Vonis pidana denda yang dijatuhkan kepada Emil juga diperberat menjadi Rp1 miliar dengan ketentuan apabila denda tersebut tidak dibayar, maka diganti (subsider) dengan pidana kurungan selama 6 bulan. Hakim Ketua juga menyatakan Majelis Hakim turut menambahkan pidana Emil dengan hukuman tambahan berupa pembayaran uang pengganti senilai Rp493,4 juta.

Selain Emil, Majelis Hakim PT DKI Jakarta juga memperberat hukuman pemilik manfaat PT Stanindo Inti Perkasa (SIP) Suwito Gunawan alias Awi, Direktur PT Sariwiguna Binasentosa (SBS) Robert Indarto, serta pengepul bijih timah (kolektor), Kwan Yung alias Buyung, yang juga terlibat dalam kasus itu.
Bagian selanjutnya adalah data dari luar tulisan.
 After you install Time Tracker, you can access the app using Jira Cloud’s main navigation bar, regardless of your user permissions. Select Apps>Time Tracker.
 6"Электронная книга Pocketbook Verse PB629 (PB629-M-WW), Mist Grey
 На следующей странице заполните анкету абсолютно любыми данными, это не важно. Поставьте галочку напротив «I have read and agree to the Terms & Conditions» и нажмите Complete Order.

Terdakwa kasus korupsi pengelolaan tata niaga komoditas timah Kwan Yung alias Buyung
Terdakwa kasus korupsi pengelolaan tata niaga komoditas timah Kwan Yung alias Buyung (IST)

Hukuman Suwito diperberat menjadi 16 tahun penjara, denda Rp1 miliar subsider 6 bulan kurungan, serta uang pengganti Rp2,2 triliun subsider 8 tahun penjara. Kemudian, vonis Robert diperberat menjadi 18 tahun penjara, denda Rp1 miliar subsider 6 bulan kurungan, dan uang pengganti Rp1,92 triliun subsider 10 tahun penjara. Sementara itu, hukuman Buyung diperberat menjadi 10 tahun penjara serta denda Rp750 juta subsider 6 bulan kurungan.
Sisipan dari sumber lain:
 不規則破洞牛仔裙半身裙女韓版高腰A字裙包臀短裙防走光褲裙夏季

Sebelumnya, tersangka lain dalam kasus ini juga mendapatkan vonis hukuman tambahan. Harvey Moeis, yang semula divonis 6,5 tahun, denda Rp1 miliar dan uang pengganti sebesar Rp210 miliar diperberat menjadi 20 tahun penjara, denda Rp1 miliar, dan uang pengganti Rp240 miliar. Kemudian Helena Lim yang semula divonis 5 tahun, denda Rp750 juta, dan uang pengganti Rp900 juta diperberat menjadi hukuman penjara 10 tahun, denda Rp1 miliar, dan uang pengganti Rp900 juta.

Kemudian, Mochtar Riza yang semula dihukum 8 tahun penjara dan denda Rp750 juta menjadi hukuman penjara 20 tahun penjara, denda Rp1 miliar dan uang pengganti Rp493,3 miliar. Sementara Suparta yang semula divonis 8 tahun, denda Rp1 miliar dan uang pengganti Rp4,57 triliun diperberat menjadi 19 tahun penjara, denda Rp1 miliar, dan uang pengganti Rp4,57 triliun. Reza yang semula divonis 5 tahun denda Rp750 juta menjadi dihukum 10 tahun penjara dan denda Rp750 juta.
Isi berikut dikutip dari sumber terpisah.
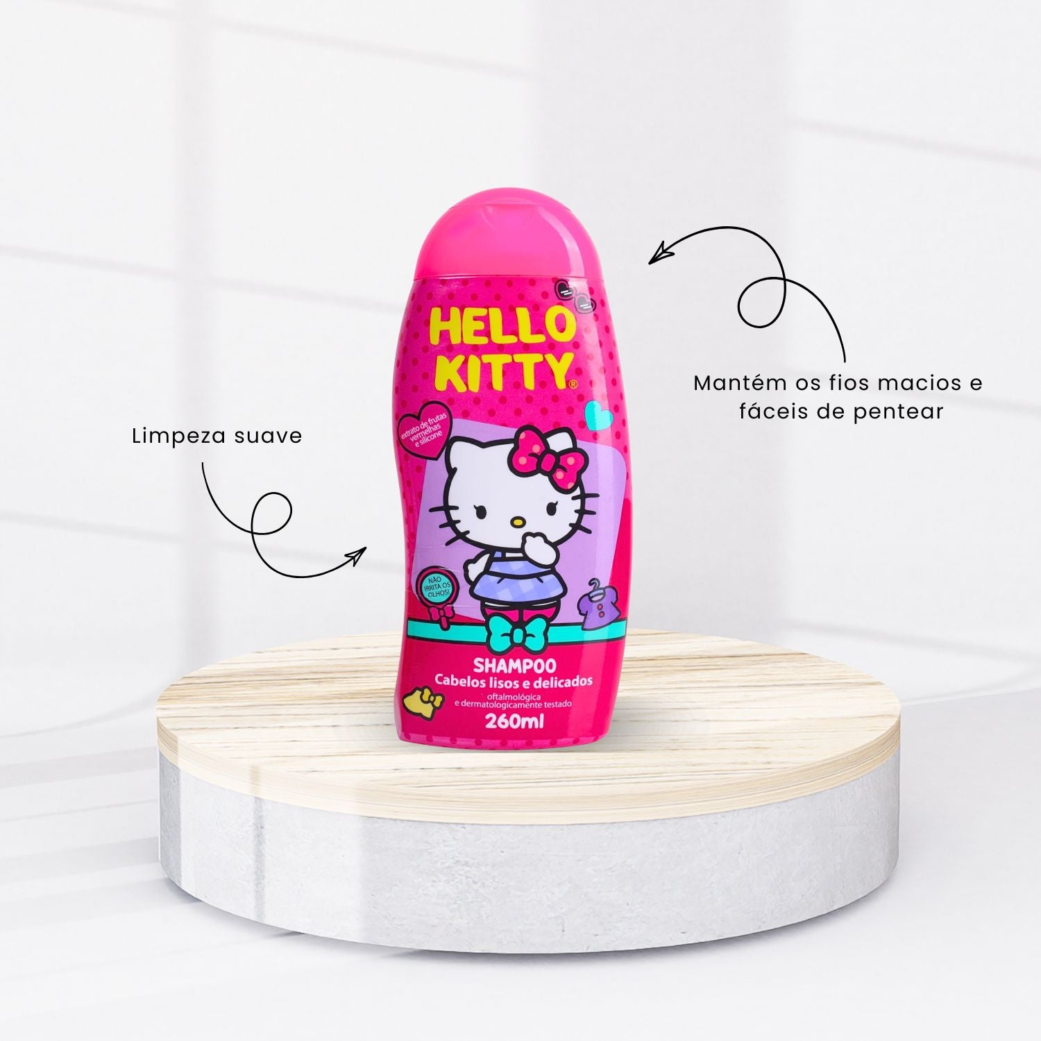 O Shampoo Cia da Natureza Cabelos Lisos e Delicados Hello Kitty 260 ml foi desenvolvido para promover uma limpeza suave e equilibrada, respeitando a delicadeza dos fios lisos. Sua fórmula ajuda a remover as impurezas do dia a dia sem agredir a fibra capilar, contribuindo para cabelos mais alinhados, leves e com toque macio. Ideal para uso frequente, mantém a sensação de frescor e cuidado a cada lavagem.

Menilik ke belakang, kasus ini tidak serta merta muncul. Beda dari kasus-kasus yang biasa diusut KPK melalui operasi tangkap tangan atau OTT, perkara yang diusut Kejaksaan Agung (Kejagung) melalui Jaksa Agung Muda Tindak Pidana Khusus (Jampidsus) ini biasa disebut menggunakan metode case building atau mengembangkan kasus. Biasanya dalam perkara yang diusut melalui case building, pasal yang dikenakan memiliki ancaman hukuman yang lebih ngeri dibanding perkara-perkara yang sifatnya suap-menyuap. Ancaman hukumannya seumur hidup penjara atau bahkan mati dengan syarat kondisi tertentu.

Kronologis dari Kejagung

Kapuspenkum Kejagung, Ketut Sumedana pertama kali bicara mengenai kasus ini pada Selasa, 17 Oktober 2023. Saat itu Ketut mengatakan penyidik Jampidsus sudah melakukan penggeledahan dan penyitaan di 3 lokasi yang berada di Bangka. “Tindakan penyitaan dan penggeledahan tersebut terkait dengan perkara dugaan tindak pidana korupsi dalam tata niaga komoditas timah di wilayah izin usaha pertambangan (IUP) di PT Timah Tbk tahun 2015 s/d tahun 2022,” ungkapnya.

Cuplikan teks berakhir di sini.